Jeśli masz problem związany z komputerem stosowanym w domowym lub profesjonalnym studiu, to tu jest odpowiednie miejsce, aby się nim zająć.
-
Zbynia - Posty:7665
- Rejestracja:sobota 09 paź 2004, 00:00
Re: Komputer - konfiguracja 2012
Post
autor: Zbynia » środa 03 paź 2012, 22:18
aha wracając do mobilnych procków - zapoznaj się proszę z testami zanim zaczniesz negować - sam do tego podchodzę bardzo sceptycznie ale to jest naprawdę niewielka różnica w stosunku do "stacjonarnych" procesorów
nie to co wcześniej że połowę wolniej było normą
-
MrExplosion - Posty:471
- Rejestracja:piątek 15 wrz 2006, 00:00
Post
autor: MrExplosion » czwartek 04 paź 2012, 00:03
...
W praktyce (przynajmniej u mnie) zawsze wychodzi, że stacjonarki się nie ulepsza tylko kupuje nową.

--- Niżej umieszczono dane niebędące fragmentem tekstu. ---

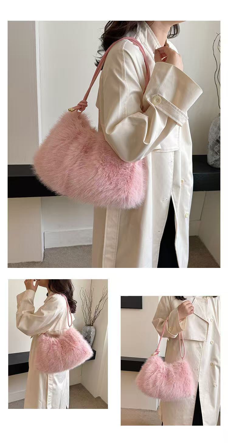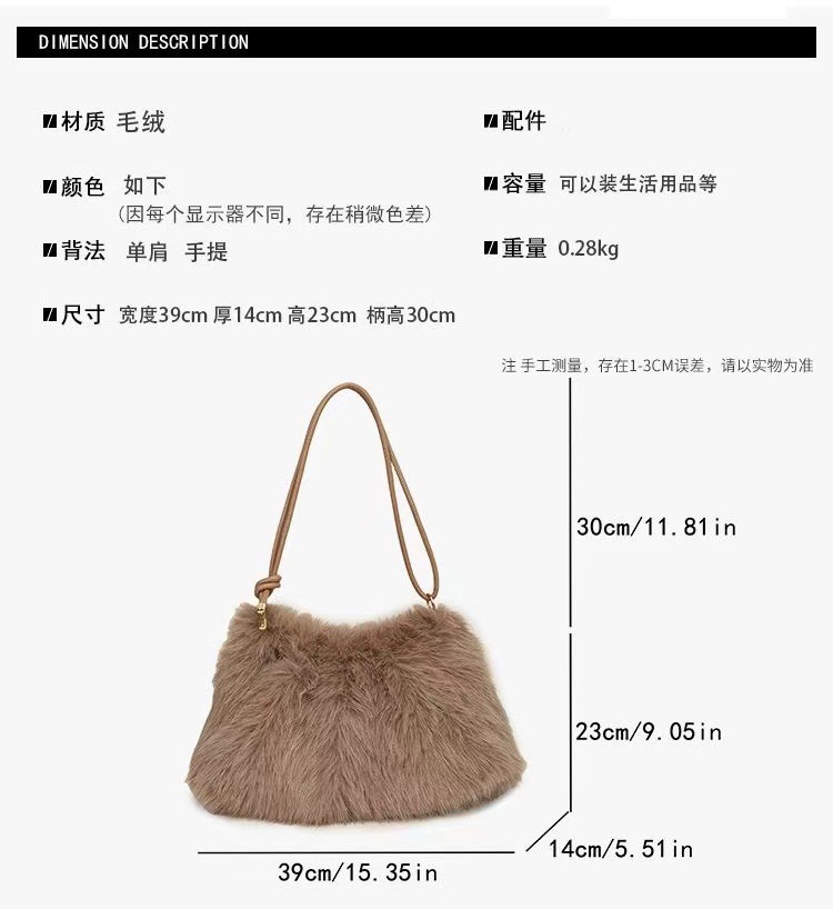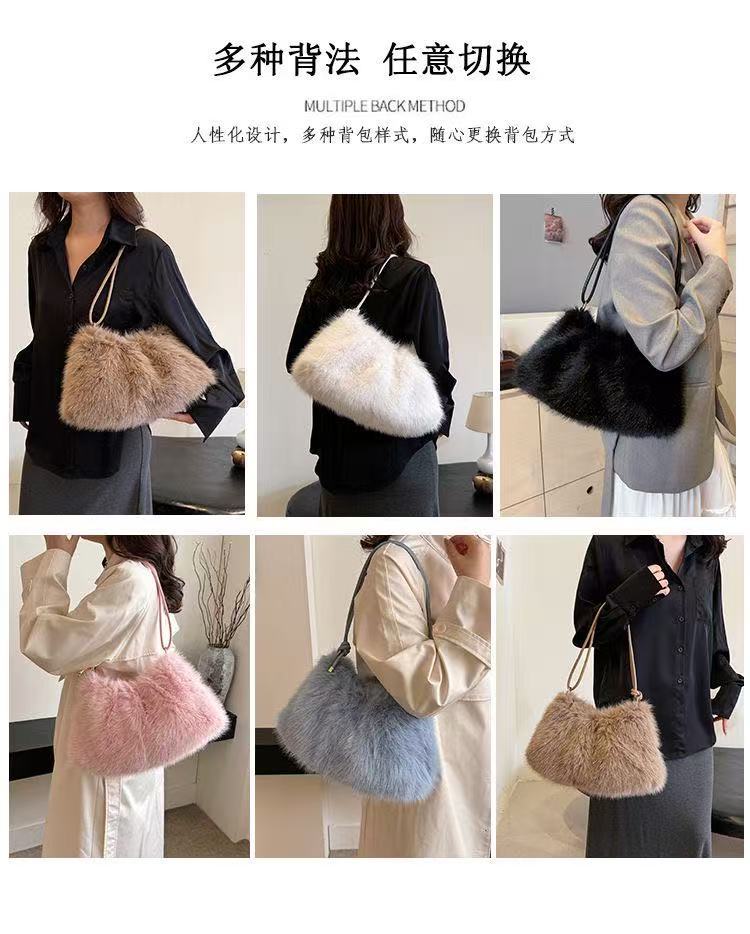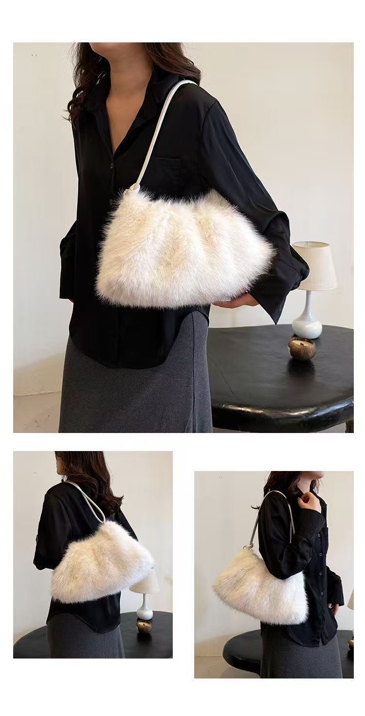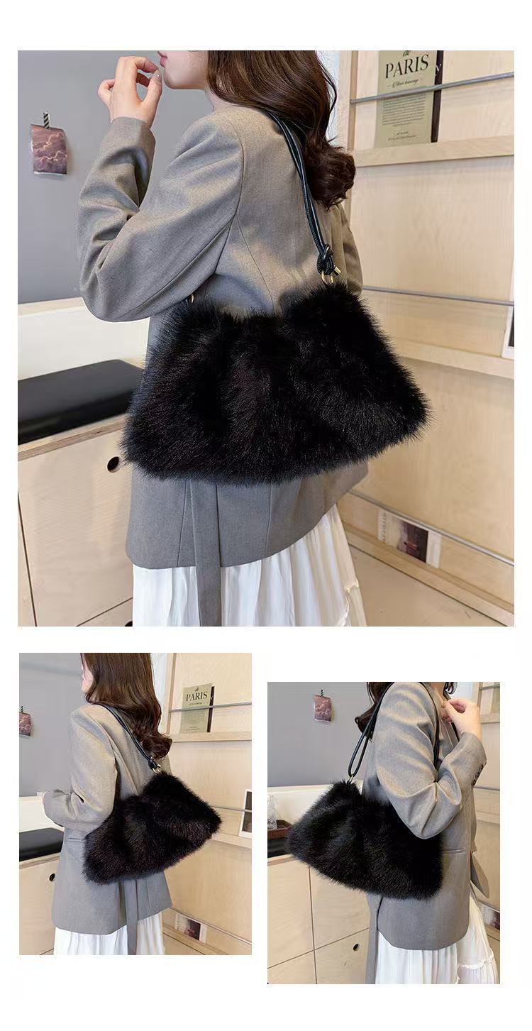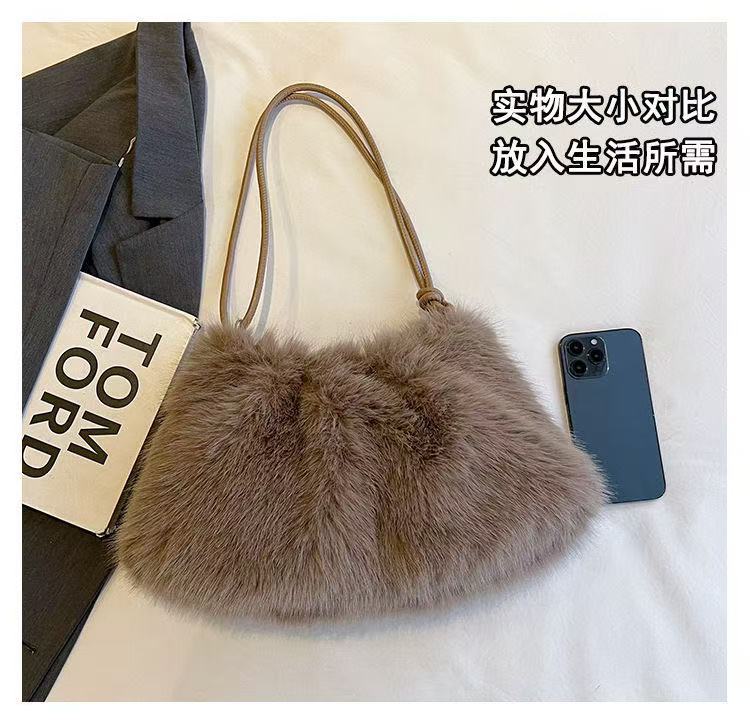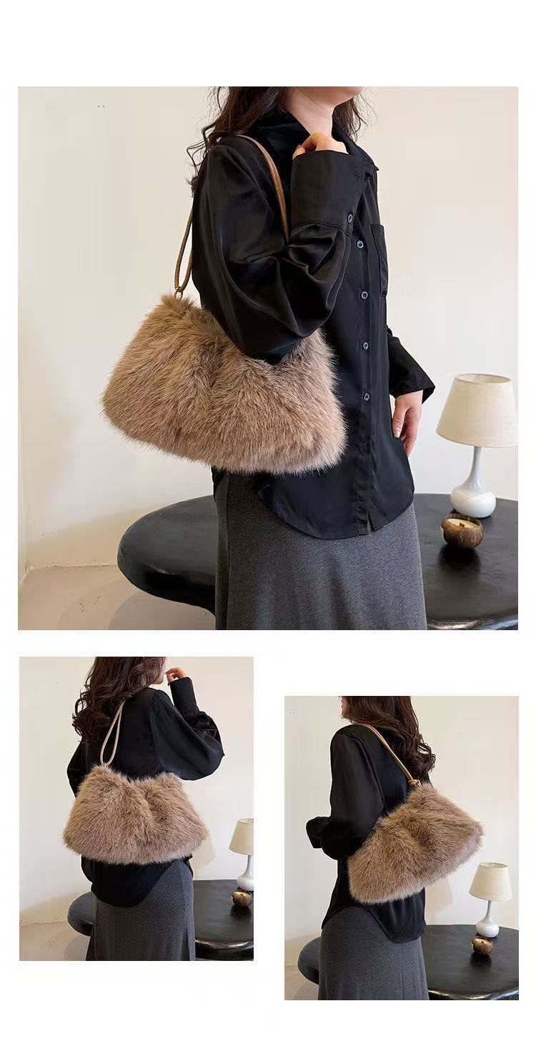 TJ2250# 2025ins潮流时尚毛绒包百搭大容量小众设计感包包韩版高级单肩包

Bo jak wielu ludzi nie potrafisz rozsądnie zaplanować modernizacji. Choć oczywiście przychodzi kiedyś moment, że wymienia się znaczną część PC na raz (np. płyta+CPU+pamięć - tak miałem ostatnio jak przesiadałem się z X2 3600+, 4 GB RAM DDR2 na i5 2400, 16 GB RAM DDR3)
...
To jak rozsądnie zaplanować modernizację? Ja staram się zrównoważyć części składowe komputera, tak żeby nie robić wąskiego gardła. Wychodzę też z założenia, że kupuje się na tyle mocny sprzęt żeby po 2 latach nie trzeba zmieniać wszystkiego. A po 4-5 latach z kolei nie opłaca się modernizować.
Co do procesorów i5 to faktycznie stacjonarne są sporo szybsze od mobilnych, ale nic dziwnego skoro są 4-rdzeniowe a mobilne 2-rdzeniowe. W i7 różnic praktycznie nie ma. Czyli można mieć laptopa o wydajności zbliżonej do stacjonarki.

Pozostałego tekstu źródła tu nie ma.